Off Topic - Ubicom ip3k - cool chip

Postby drudru » Thu Jan 11, 2018 2:37 am


I think there used to be a forum here for the Ubicom, but I cannot find it.

I was re-reading "Computer Architecture" (Dave Patterson and John Hennessy) last night. I was thinking about avoiding branch mispredicts, yet still getting utilization of the units. I thought about multiplexing threads by time. Of course, after some searching, I learn that this is not a new idea. In fact, I am sure I must have heard Alan Kay mention that the Alto CPU had something similar.

When I found the page on 'barrel processors' at Wikipedia, it led me to the Ubicom ip3k chips. Wow - what a slick design!
I am embarrassed that I missed knowing about this chip, but I am not in the embedded field.

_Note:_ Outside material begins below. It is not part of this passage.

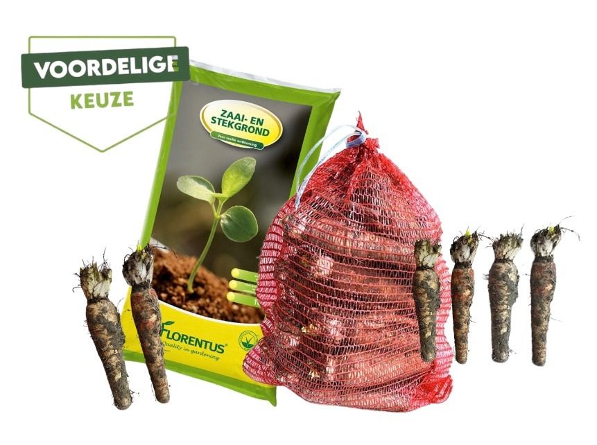 Je ontvangt 25 mooie kwaliteit witlofwortels in een net (ca. 5 kg) + 10L potgrond geschikt voor de witlofkweek.
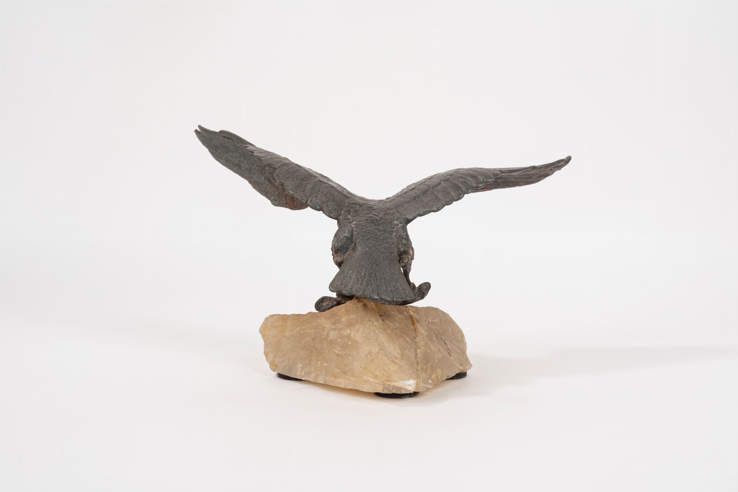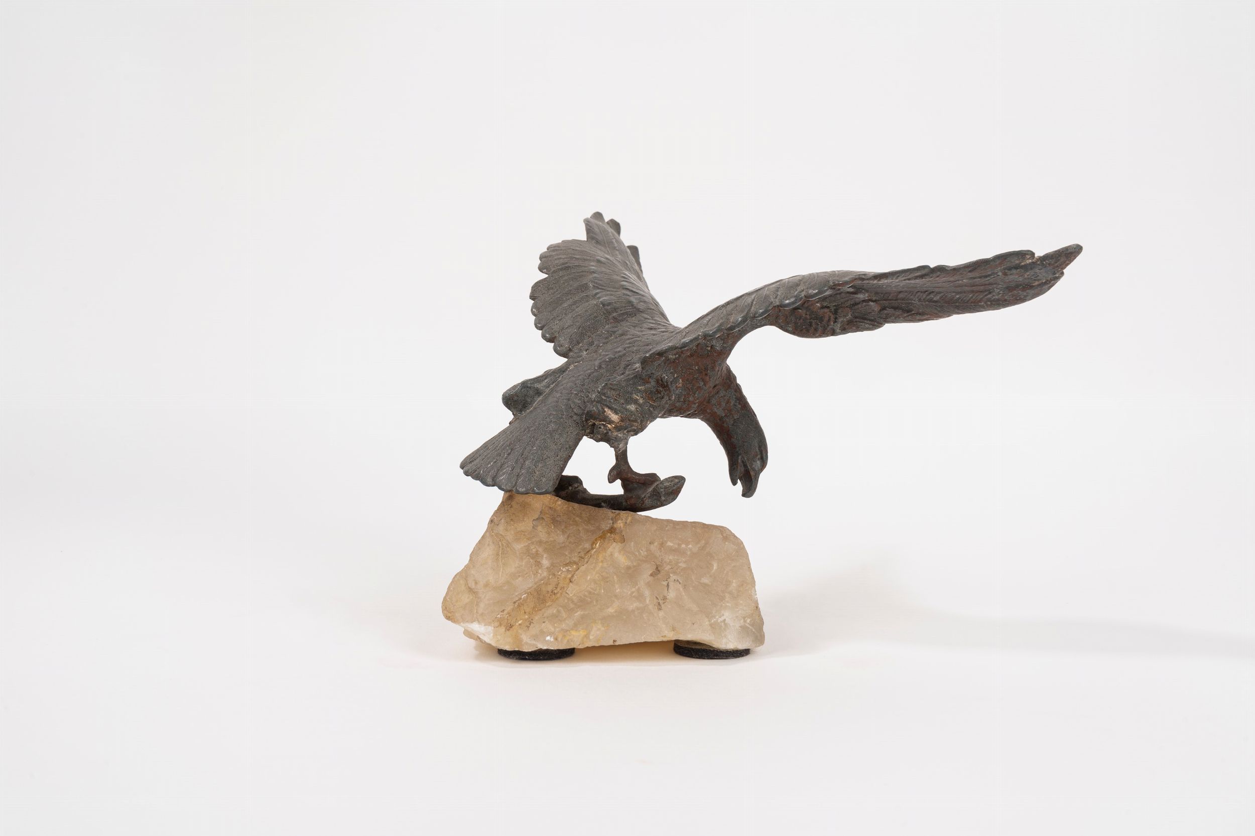 scultura in bronzo a patina scura su base in travertino, cm 20 x 28 x 11

I spent the rest of the evening reading up on it. I learned that there used to be a forum here and that the administrator was one of the designers.

I had a question that Nick may be able to answer:

The chip had a 10 stage pipeline. Why did the memory stages require 2 stages (or clocks?) per function (fetch, read, write)?

Best regards,

Redwood City

Posts: 14168
Joined: Tue Jan 13, 2004 9:39 am

Re: Off Topic - Ubicom ip3k - cool chip

Postby nickk » Thu Jan 11, 2018 10:44 pm


Haven't thought about that in a while - it was my University research back in 98/99 before joining Ubicom. I wrote a Verilog simulation of a PIC with a 4-stage pipeline (single cycle execution) and 4 hardware threads.

The ip3k pipeline wasn't that long... pretty much one stage per action.

The ip3k architecture had two key things that made is great - cycle-level multithreading, and that every ALU instruction could be memory to memory (single cycle when using internal memory or if in cache).

Great chip to write assembly code for.


Posts: 2
Joined: Thu Jan 11, 2018 2:14 am

Re: Off Topic - Ubicom ip3k - cool chip

Postby drudru » Sat Jan 13, 2018 3:19 am

Thanks Nick!

Yeah, memory to memory opcodes made assembly much simpler and higher level (aka fun)

BTW, I found a presentation online for Hot Chips that discussed the ip3k. It says it had 10 stages.
The opcode fetch was 2, the memory read was 2 and the final memory write was 2.
The other stages were 1.
I'm guessing that the memory still needed two clocks vs. the CPU, but I've not seen that before.
If you add in the thread scheduler, it is pretty reasonable, as you say. Nothing like the old Pentium 4.

Thanks again :) ,